Tuttavia, occorrerebbe chiedere a Edoardo Di Porto perché mai l’INPS non abbia voluto ottemperare alle indicazioni del Garante per far sì che il servizio Savio potesse operare nel rispetto delle normative vigenti.

Andando a rivedere sia l’audizione in Senato di Antonello Soro sia il nostro articolo del 18 settembre 2018 scopriamo che il Garante privacy non ha bloccato per sempre il sistema Savio, ma ha rilevato che ‘…Il modello messo a punto e adottato negli ultimi 5 anni dall’Inps realizza una vera e propria profilazione dei lavoratori interessati, non conforme al GDPR…’. Al tempo stesso l’Autorità ha indicato all’INPS anche le nuove regole da introdurre (sono elencate in questi 3 punti) per rendere il sistema Savio a prova di privacy per i cittadini che lavorano nel settore pubblico e privato. Ma l’INPS, evidentemente, ha preferito non implementare il sistema con le indicazioni fornire dal Garante e così è stato l’Istituto di previdenza sociale a bloccare Savio, non l’Autorità.

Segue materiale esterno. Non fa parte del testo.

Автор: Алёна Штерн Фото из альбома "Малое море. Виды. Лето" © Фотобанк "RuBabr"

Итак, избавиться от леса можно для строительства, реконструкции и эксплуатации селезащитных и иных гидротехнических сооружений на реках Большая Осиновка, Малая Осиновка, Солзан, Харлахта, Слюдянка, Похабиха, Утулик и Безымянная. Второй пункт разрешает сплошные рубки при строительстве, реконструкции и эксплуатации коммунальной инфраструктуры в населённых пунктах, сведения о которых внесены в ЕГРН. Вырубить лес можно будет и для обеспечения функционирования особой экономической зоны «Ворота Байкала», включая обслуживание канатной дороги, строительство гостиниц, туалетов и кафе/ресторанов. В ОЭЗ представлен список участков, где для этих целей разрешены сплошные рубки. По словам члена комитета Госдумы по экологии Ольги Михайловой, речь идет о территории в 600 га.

Sarebbe da chiedersi perché mai l’INPS abbia generato una così grave omissione: o il servizio non serviva più di tanto e si cercava un capro espiatorio o sarebbe stato meglio ottemperare e non privare il controllo sulle assenze dei lavoratori di uno strumento così apparentemente efficace.

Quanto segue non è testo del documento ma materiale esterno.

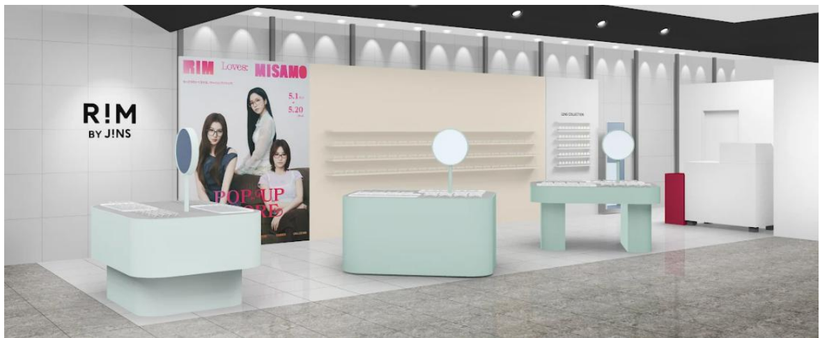
RIM loves MISAMO POP-UP STORE 渋谷スクランブルスクエア店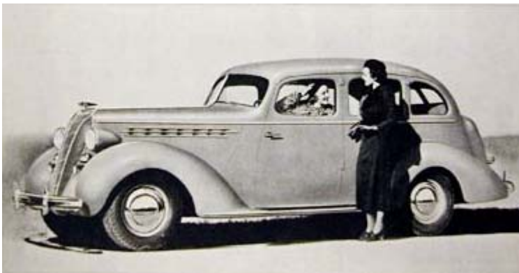
It's the 1936 Terraplane. Bringing Fine Quality to the Low Price Field. Así rezaba la publicidad de la época.

Está claro que Robert Johnson , en sus arrebatos de celos, gustaba de castigar a sus mujeres para demostrar que él era el mejor amante, como es este caso, donde vemos que, una vez realizadas a su coche-mujer todas las reparaciones que plantea, al final, cuando él gire la llave de contacto, las bujías de ella le darán fuego ( And when I mash down on your little starter : then your spark plug will give me fire ).

In questo caso chi è “causa del suo male pianga se stesso”, ma, avendo l’INPS dismesso unilateralmente il servizio senza averne usufruito appieno, sarebbe forse utile sapere quanto sia costato un servizio non più utilizzato in risposta a legittime osservazioni del Garante.

Il Garante non ha bloccato il censimento permanente. Ha detto sì all’Istat, ma “con pseudonimizzazione dei dati”

“La seconda esperienza negativa” nei confronti del Garante della privacy indicata nel convegno organizzato da Vincenzo Visco, è stata testimoniata da Vittoria Buratta, capo Dipartimento per lo sviluppo metodi e tecnologie dell’Istat, che ha spiegato, scrive l’AdnKronos, “…come il Garante abbia ostacolato i lavori del Censimento permanente nell’ambito del Programma Statistico Nazionale”. “Dopo la fase di raccolta dati durata due anni”, continua il resoconto dell’agenzia, “il Garante ha mandato pochi giorni fa un parere con aggiornamenti e ha di fatto bocciato il codice unico adottato dall’Istat utilizzato per collegare i dati tra loro, obiettando che ‘genera un rischio di potenziale identificazione e ha sospeso alcuni processi”.

Anche in questo caso facciamo un po’ di fact checking.

Andando sul sito del Garante privacy si può prendere atto che l’Autorità non ha “…ostacolato  i lavori del Censimento permanente nell’ambito del Programma Statistico Nazionale…”, ma ha invece dato l’ok condizionato all’Istat invitando l’ente “…a procedere con i trattamenti necessari alla realizzazione del censimento permanente, ma dovrà adottare ulteriori misure per rafforzare la tutela dell’ingente mole di informazioni raccolte, in particolare migliorando le tecniche di pseudonimizzazione dei dati”.

Se si utilizza una modalità di raccolta dei dati, in modo permanente, dei cittadini italiani che non rispetta la normativa sulla Data Protection (il GDPR) il provvedimento del Garante privacy come può essere giudicato di “ostacolo all’efficienza dell’Istituto nazionale di statistica”?

C’è qualcosa che non torna nelle gravi affermazioni fatte in corso di convegno e sarebbe utile chiedersi perché mai tutto ciò avvenga ora, pochi giorni prima del rinnovo del Collegio, ripescando fatti del passato e riproponendoli con ricostruzioni imprecise e incomplete pro domo propria.